As sensitive, precious rock bands go, Track Star is a cut above the usual collection of mopey boys with degrees from the Woe-Is-Me Finishing School. Matthew Troy and Wyatt Cusick, who share guitar and vocal duties, write catchy songs that seldom delve into the fey pretentiousness that afflicts so many of their brethren; the duo’s acidulous wit and bitter detachment suggest tough souls within their sensitive exteriors.

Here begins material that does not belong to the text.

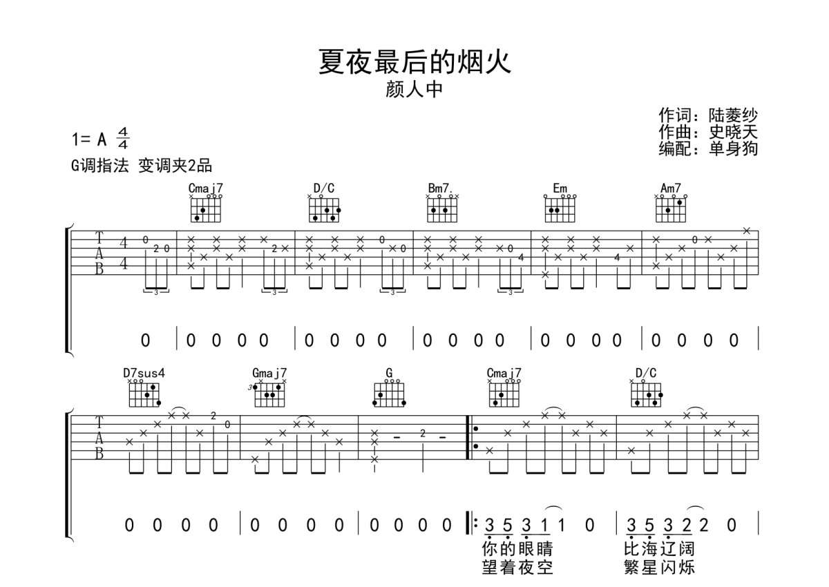 《夏夜最后的烟火》是夏夜最后的烟火演唱的一首歌曲,本吉他谱采用的是G调指法编配,这份吉他谱共有四张高清图谱,图谱由 @单身狗 编配上传,图谱使用六线谱编配,包含吉他和弦指法、简谱以及歌词部分,使用这份夏夜最后的烟火吉他谱,可以让你更加方便地掌握这首歌曲的弹唱技巧,快来尝试吧。

Troy and Cusick began making music with a drum machine in San Francisco in 1990, officially launching Track Star three years later with a live drummer. Early recordings (by which time Todd Sullivan had replaced the first human drummer) ranged from poor to promising, but Sometimes, What’s the Difference? is a great leap forward and the raw template on which they would base their next two records. The Sebadoh-meets-Wedding Present series of songs revisits the archetypal ’90s rock soft-to-loud dynamic with a typically self-deprecating bent best exemplified by “Bad Time” (“She will always cry at the drop of a hat / And I wonder why I’m the only guy who ever dropped a hat”). Bitter wit lifts the EP from the dumps and allows Cusick to get away with crooning “Sometimes I think about my funeral / And whoooooo’s gonna be there” (“The View From Space”) over jangling guitars that tend to turn sludgy and loud. The EP has its share of inconsequential B-side candidates, but the trio generally nails a tried-and-true formula, and adds something of its own.

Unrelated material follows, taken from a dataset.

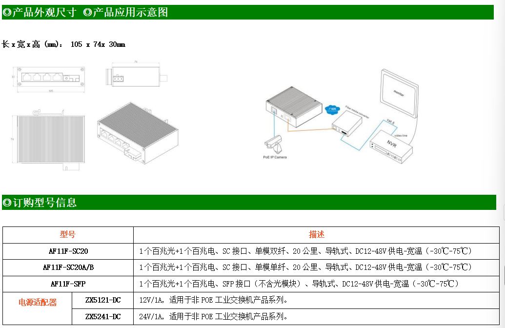 1路百兆電口+1路百兆SC光口工業級以太網交換機,支持1個10Base-T/100Base-TX電口和1個100Base-X光口。產品符合FCC、CE、ROHS標準。AF11F系列交換機具有-30℃~75℃的工作溫度,具有超強的堅固度能適應各種嚴苛環境,也可以非常方便的安置在空間緊湊的控制箱中。導軌的安裝特性、寬溫操作及擁有IP40防護等級的外殼及LED指示燈,使AF11F成為一個即插即用的工業級設備,為用戶的以太網設備聯網提供可靠、便捷的解決方案。

Any album that begins with the couplet “I’ve got three ideas in my head / One’s to choke on fumes ’till I’m dead” is hellbent on being dour (and neither of the other ideas is particularly uplifting, either), but Communicaiton Breaks is leavened with enough humor, rage, sly barbs and nods to the third Velvet Underground record to offset the boo-hoo-hoo-ing over broken relationships. Most songs begin with a gentle melody (Track Star is sad) and burn slowly until the guitars are so loud Cusick has to scream to be heard (Track Star is also angry!). Emotional turmoil is tiring, so the lackadaisical lads take occasional breathers with whispery ballads (“One Hundred Degrees,” “Dead Today”), conserving energy to put down the poseur stealing their girls in “The Big Fuck You” (“It must be nice to feel so tortured / When the chicks all eat it up”). At once familiar-sounding and refreshing, the record is marred only by the half hour of feedback and a two-chord riff at the end of the last song, the otherwise pleasant “West Coast Weather.”

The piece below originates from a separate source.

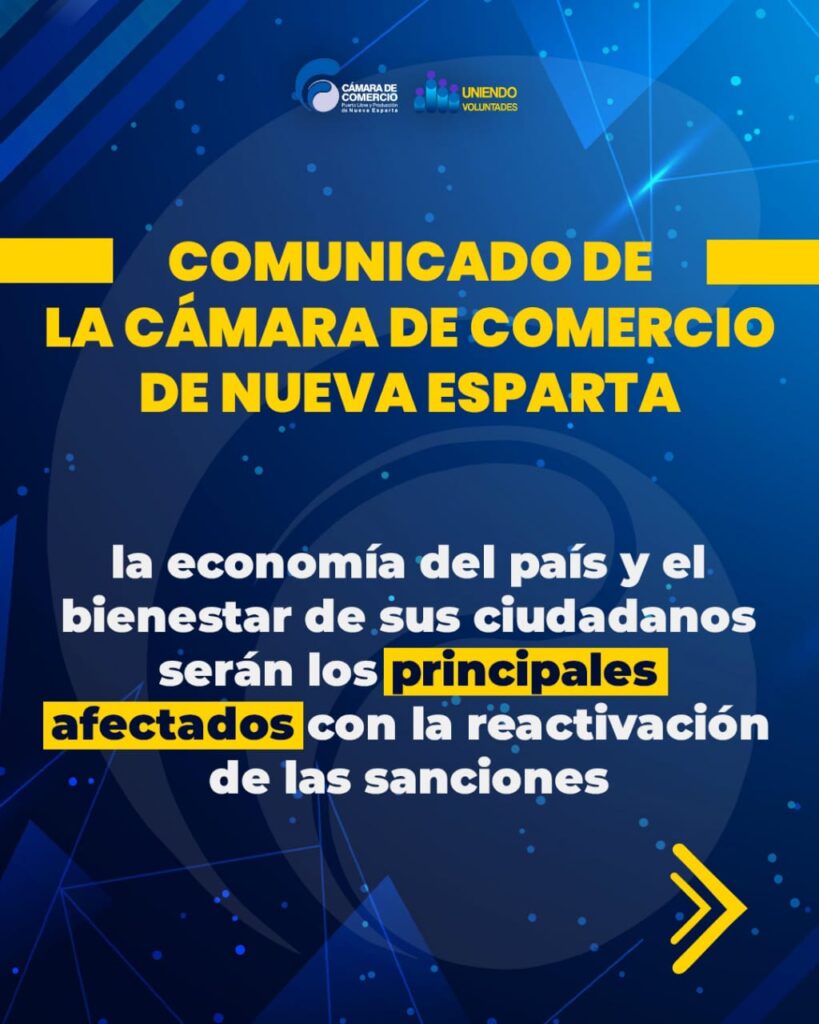 La Cámara de Comercio de Nueva Esparta alerta sobre los efectos de las sanciones económicas

While not releasing another album for five years, Track Star toured with the Shins, Modest Mouse and Imperial Teen. Cusick made two albums with Aislers Set, an album with Doug Shepherd and cut Track Star demos with Troy and a drum machine. The pair ultimately scrapped those recordings and made Lion Destroyed the Whole World with drummer Brian Girgus (Lowercase). It has a mellowed, more mature sound that never feels rushed despite fitting 11 songs into 30 minutes. Cusick and Troy, sharing bass duties for the first time, coo and whisper their way through slow, pretty numbers like “Feet First” with a slightly more optimistic outlook (“I know to expect the worst / So when it falls apart, I’m gonna land on my feet first”). The pop bashers (“The One We Play,” “Pretty Close to Nothing”) are similarly excellent.

Track Star last performed in January 2005; Cusick has since done shows with Still Flyin’, a 15-member reggae supergroup of San Francisco indie rock poobahs.